EXERCISE INSTRUCTIONS: Copy the data that follows exactly. Include no pictures.

DATA:
────────────────────

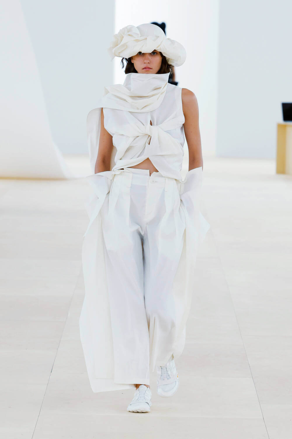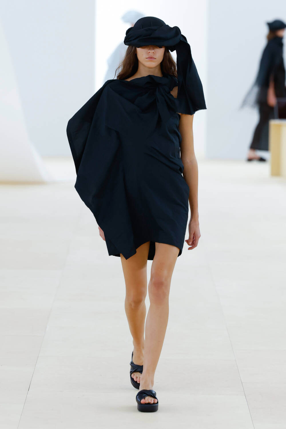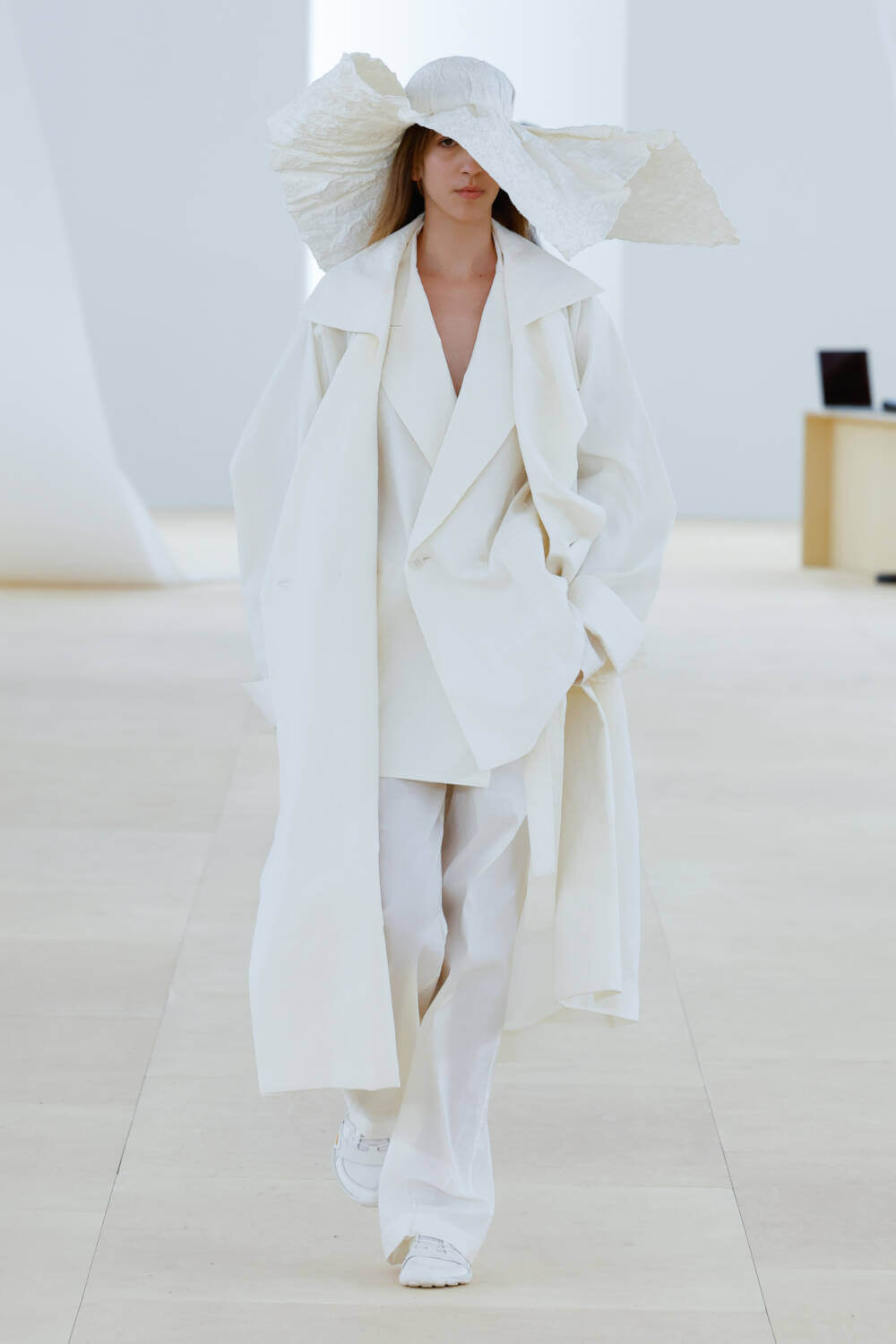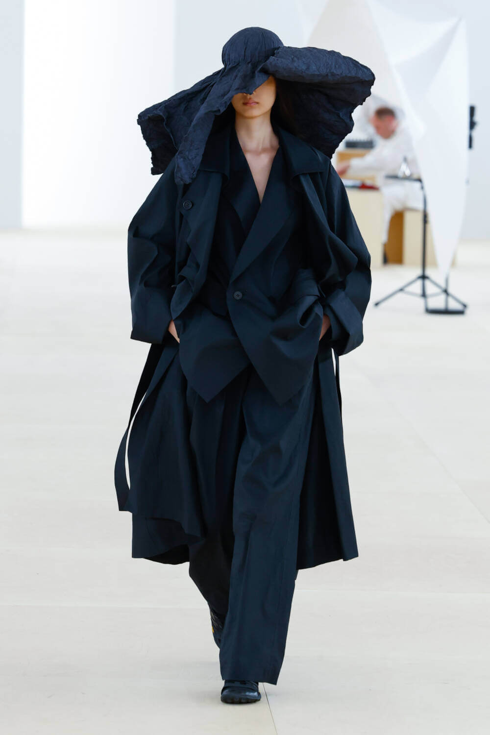 Enveloping, the fourth moment, uses a material that is woven with Japanese washi paper and polyester. Made from one piece of fabric, these twisted and fastened draped dresses play with the idea of depth and shadows across the body. Fixed in Time, the next-to-last grouping of looks have a two-dimensional effect, as if the outfits were pressed and flattened. And finally, to close, Twisted, three looks made by twisting a piece of fabric and designed to resemble as if it naturally formed over the body. Adorned with floppy hats, there was a lightness and ease to them, showcasing Kondo’s deftness in making formless ideas take shape in substantial ways.
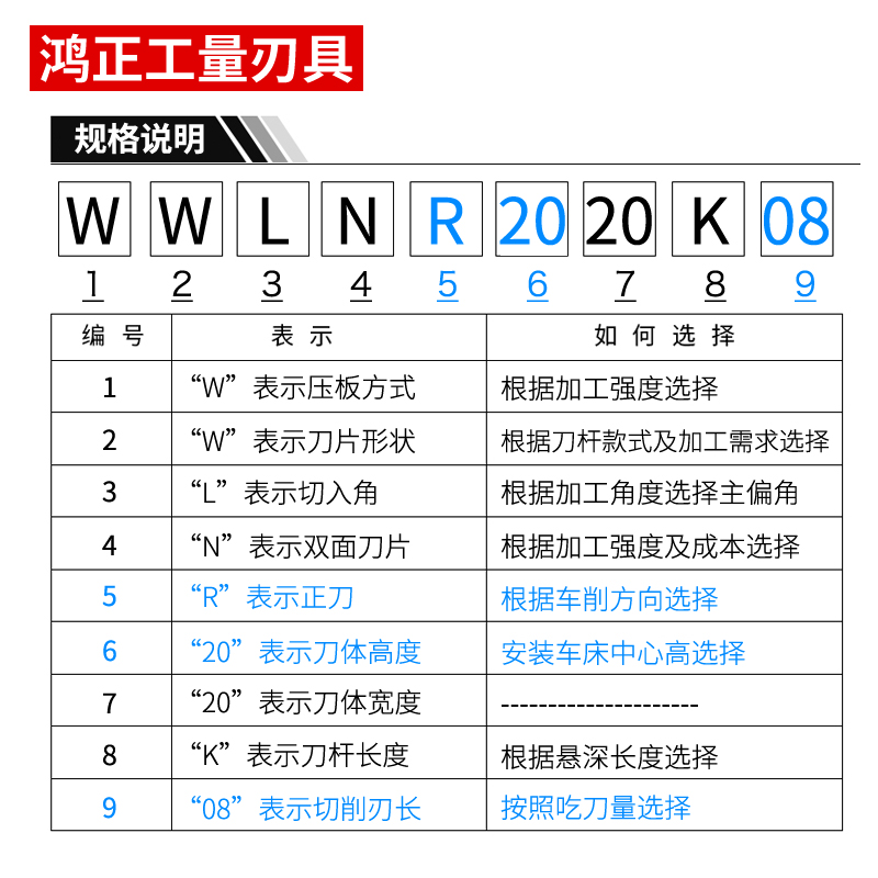 WWLNR1616K08 Front knife WWLNL1616K08 Reverse knife WWLNR2020K08 Front knife WWLNL2020K08 Reverse knife WWLN
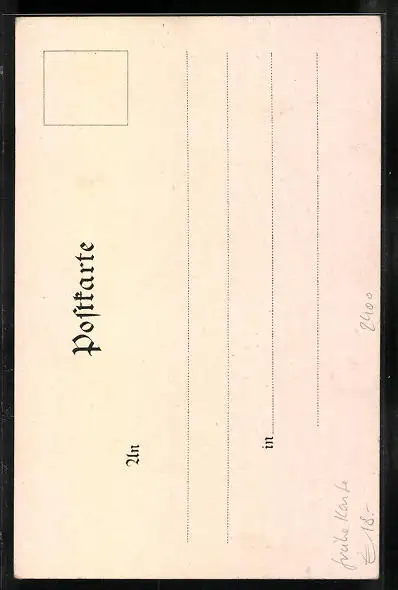 Personenbezogene Daten auf der Rückseite der Karte wurden durch blauen Textmarker unkenntlich gemacht. Die blauen Stellen sind auf die Vorderseite durchgeweicht und wirken sich negativ auf das Postkartenfoto aus

────────────────────

SOLUTION TO THE PROBLEM:
 Enveloping, the fourth moment, uses a material that is woven with Japanese washi paper and polyester. Made from one piece of fabric, these twisted and fastened draped dresses play with the idea of depth and shadows across the body. Fixed in Time, the next-to-last grouping of looks have a two-dimensional effect, as if the outfits were pressed and flattened. And finally, to close, Twisted, three looks made by twisting a piece of fabric and designed to resemble as if it naturally formed over the body. Adorned with floppy hats, there was a lightness and ease to them, showcasing Kondo’s deftness in making formless ideas take shape in substantial ways.
 WWLNR1616K08 Front knife WWLNL1616K08 Reverse knife WWLNR2020K08 Front knife WWLNL2020K08 Reverse knife WWLN
 Personenbezogene Daten auf der Rückseite der Karte wurden durch blauen Textmarker unkenntlich gemacht. Die blauen Stellen sind auf die Vorderseite durchgeweicht und wirken sich negativ auf das Postkartenfoto aus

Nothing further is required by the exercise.